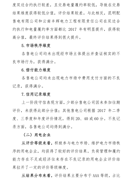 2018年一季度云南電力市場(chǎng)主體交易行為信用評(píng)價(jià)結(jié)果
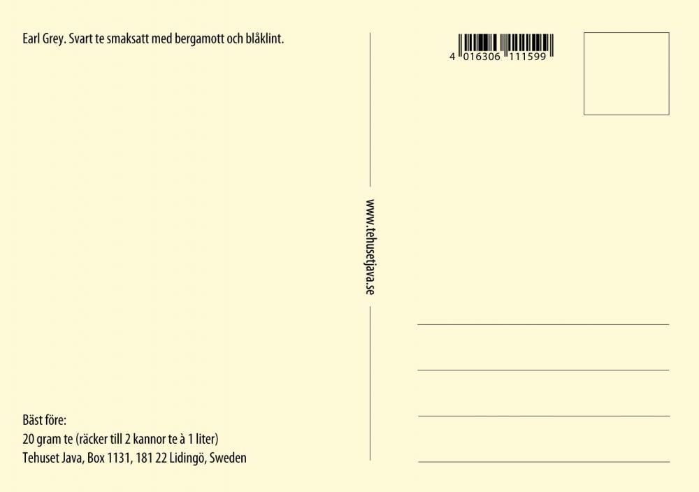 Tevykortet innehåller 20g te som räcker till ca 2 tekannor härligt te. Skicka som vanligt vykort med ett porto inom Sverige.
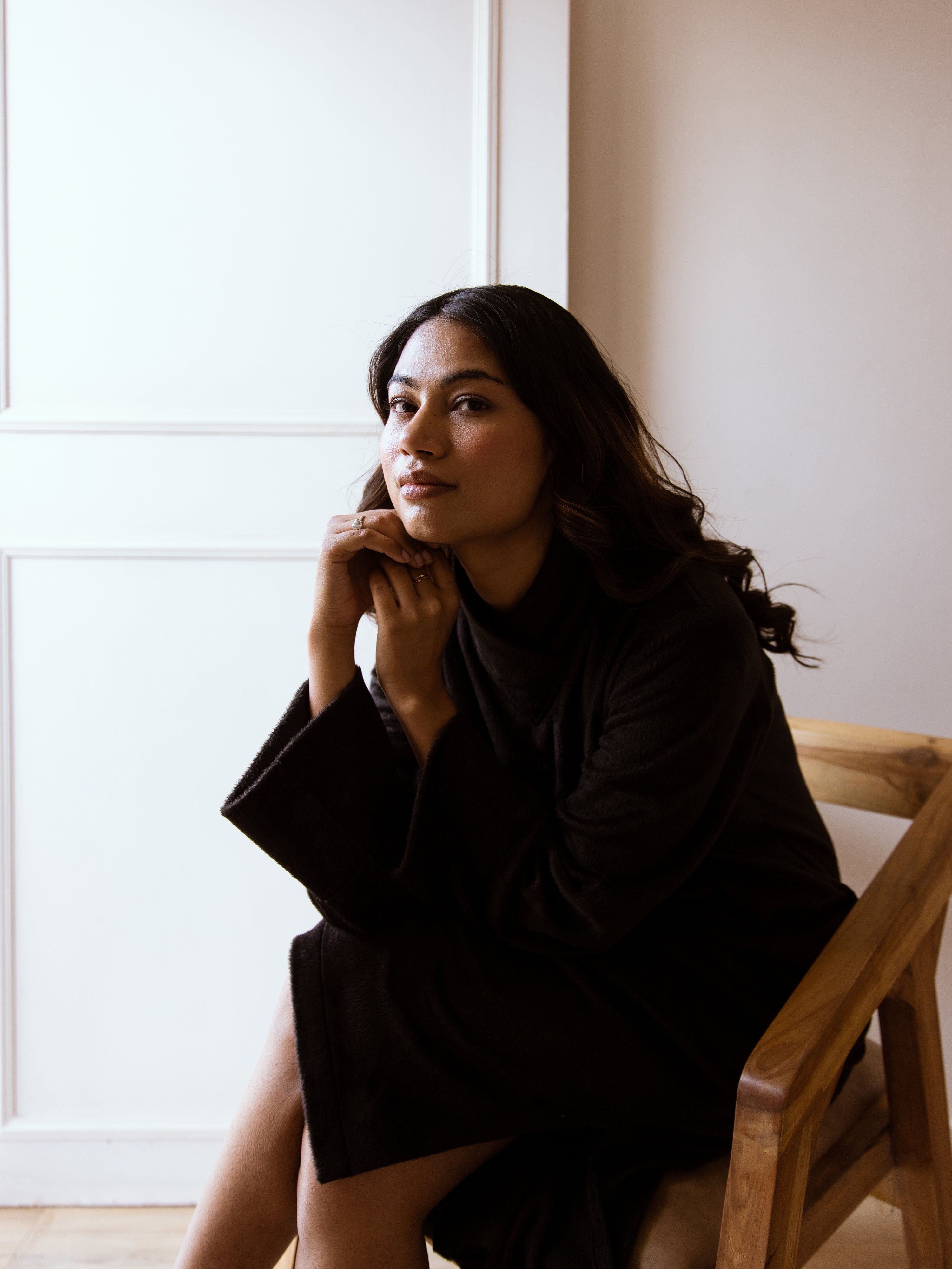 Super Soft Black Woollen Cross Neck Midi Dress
...
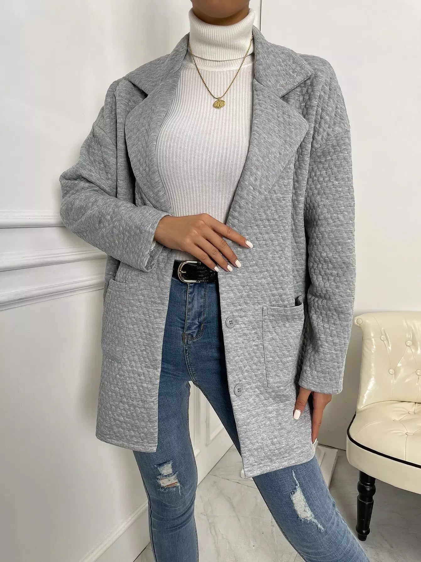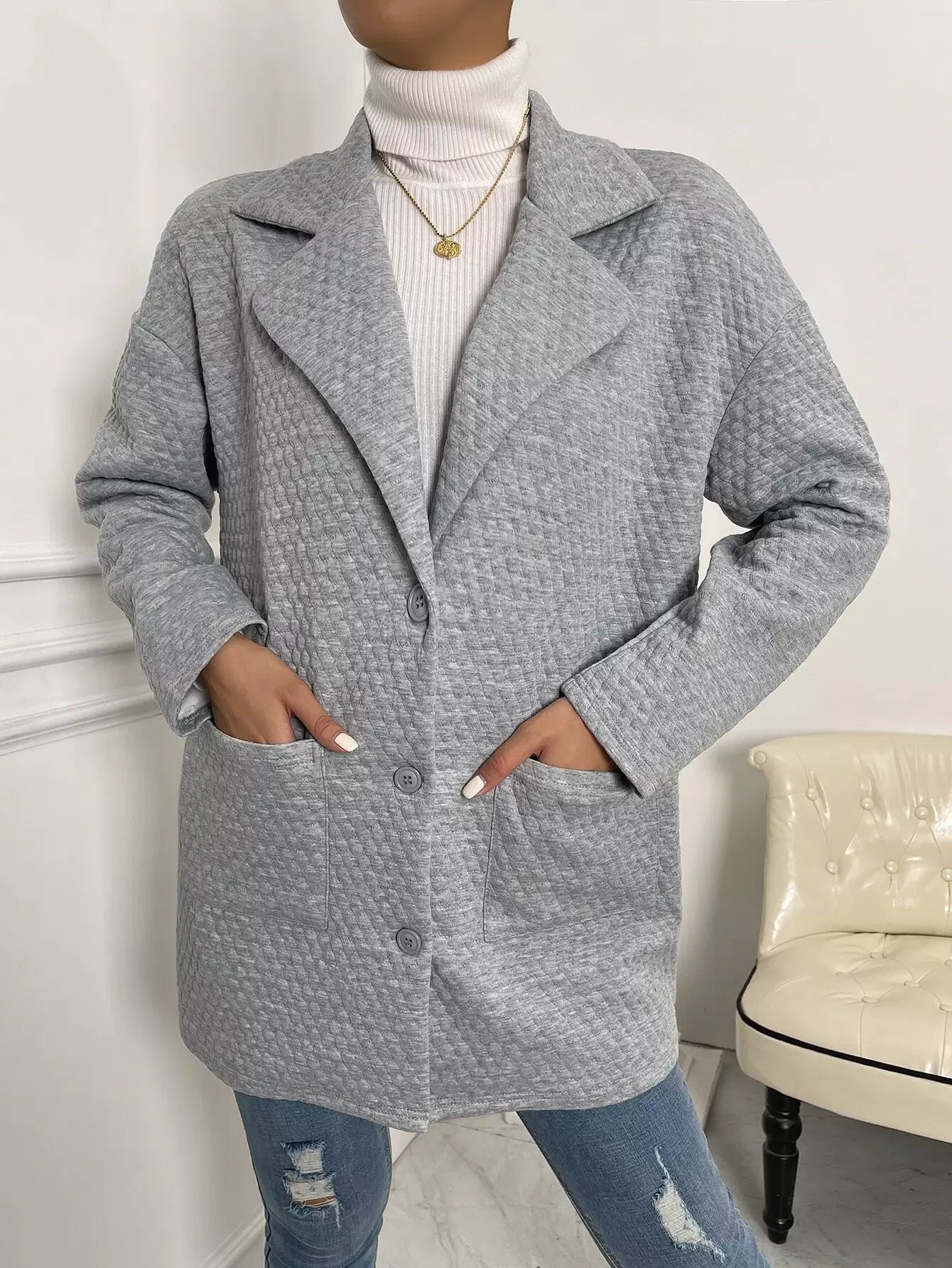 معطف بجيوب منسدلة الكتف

> **Work task**
With the pictures omitted, copy the entries above exactly from the line containing "Tevykortet innehåller 20g" through the line containing "Super Soft Black", both lines included.

> **Completed exercise**
 Tevykortet innehåller 20g te som räcker till ca 2 tekannor härligt te. Skicka som vanligt vykort med ett porto inom Sverige.
 Super Soft Black Woollen Cross Neck Midi Dress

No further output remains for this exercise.